# [INPUT RECORDS]
^^^^

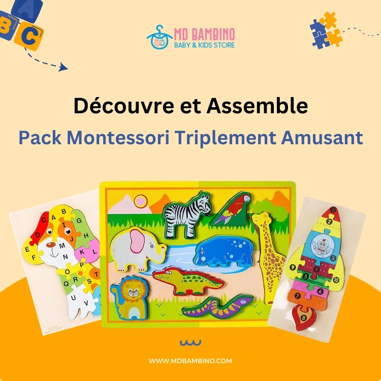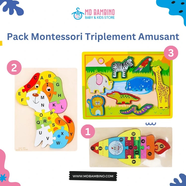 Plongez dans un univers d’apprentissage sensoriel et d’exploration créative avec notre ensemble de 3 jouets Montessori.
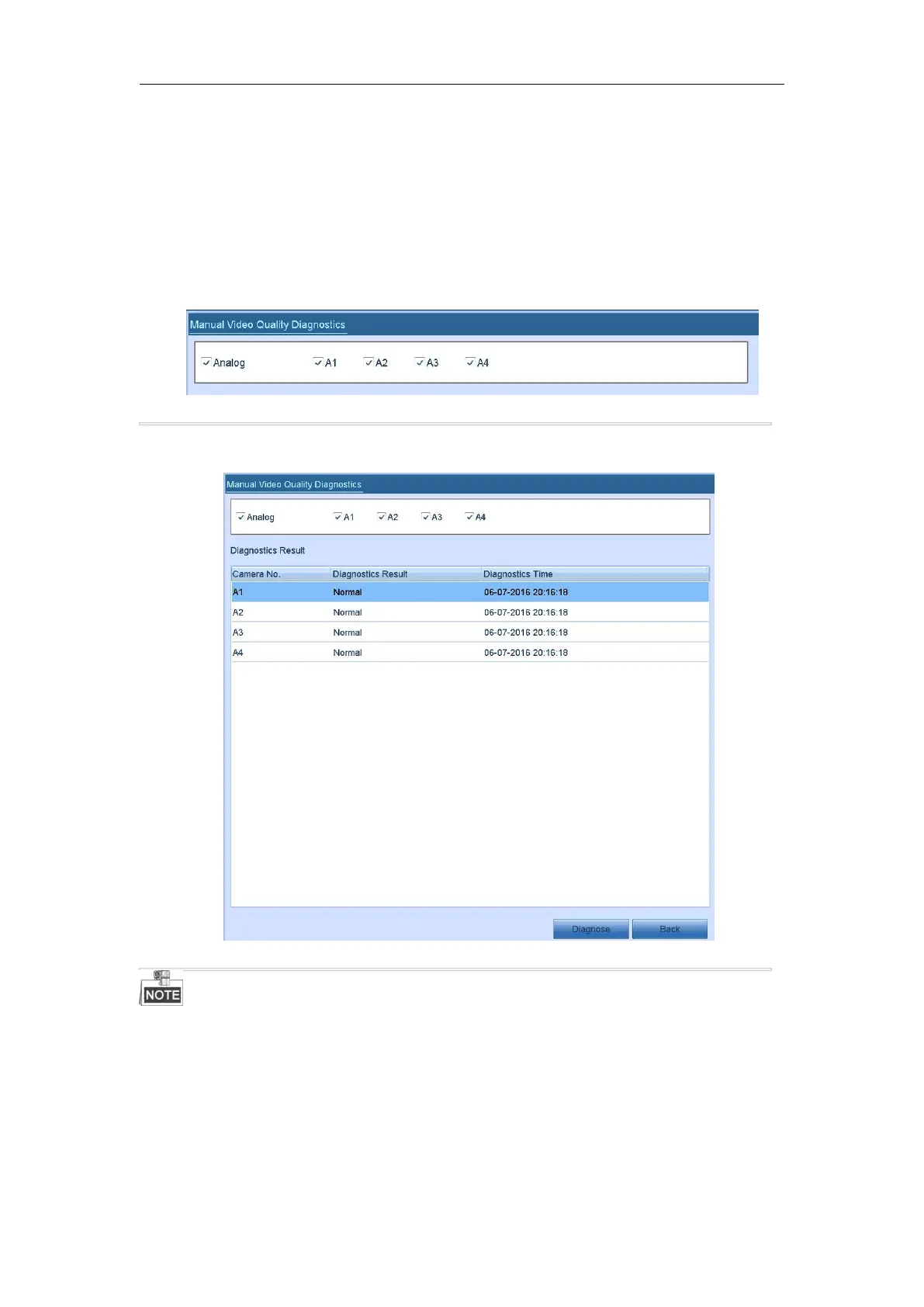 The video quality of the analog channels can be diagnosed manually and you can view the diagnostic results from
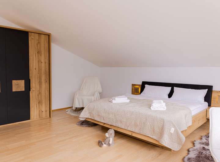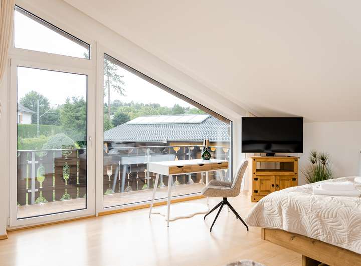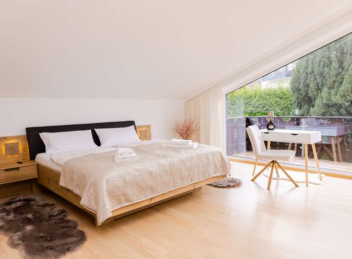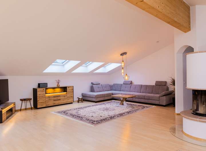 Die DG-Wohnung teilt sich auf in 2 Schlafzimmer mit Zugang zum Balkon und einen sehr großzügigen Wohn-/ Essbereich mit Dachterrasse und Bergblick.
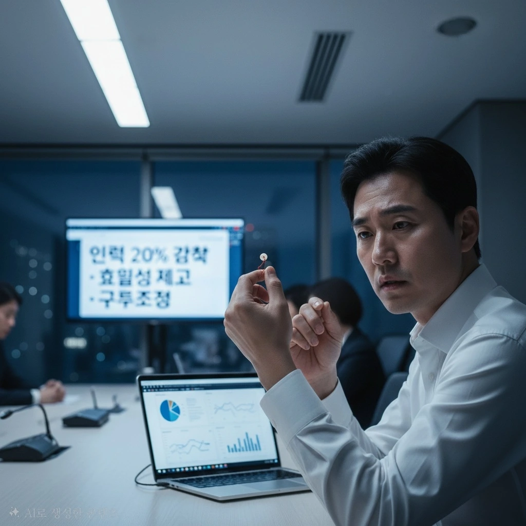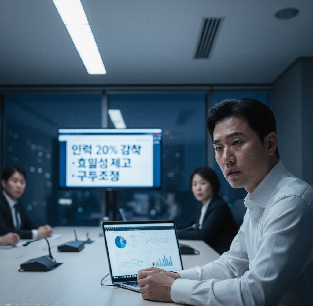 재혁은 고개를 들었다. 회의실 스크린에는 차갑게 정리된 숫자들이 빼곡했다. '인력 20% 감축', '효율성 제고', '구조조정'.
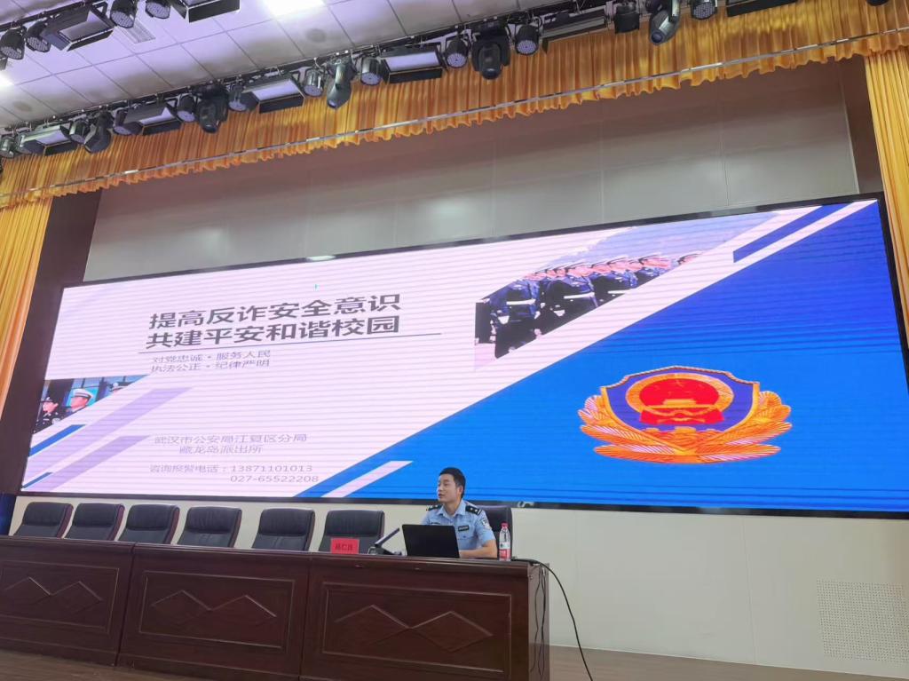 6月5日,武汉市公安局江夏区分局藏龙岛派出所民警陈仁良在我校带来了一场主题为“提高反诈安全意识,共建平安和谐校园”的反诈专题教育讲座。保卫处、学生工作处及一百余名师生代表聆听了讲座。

^^^^

# [ACTIVITY]
The records must come back exactly, with their pictures removed.

# [EXERCISE SOLUTION]
 Plongez dans un univers d’apprentissage sensoriel et d’exploration créative avec notre ensemble de 3 jouets Montessori.
 The video quality of the analog channels can be diagnosed manually and you can view the diagnostic results from
 Die DG-Wohnung teilt sich auf in 2 Schlafzimmer mit Zugang zum Balkon und einen sehr großzügigen Wohn-/ Essbereich mit Dachterrasse und Bergblick.
 재혁은 고개를 들었다. 회의실 스크린에는 차갑게 정리된 숫자들이 빼곡했다. '인력 20% 감축', '효율성 제고', '구조조정'.
 6月5日,武汉市公安局江夏区分局藏龙岛派出所民警陈仁良在我校带来了一场主题为“提高反诈安全意识,共建平安和谐校园”的反诈专题教育讲座。保卫处、学生工作处及一百余名师生代表聆听了讲座。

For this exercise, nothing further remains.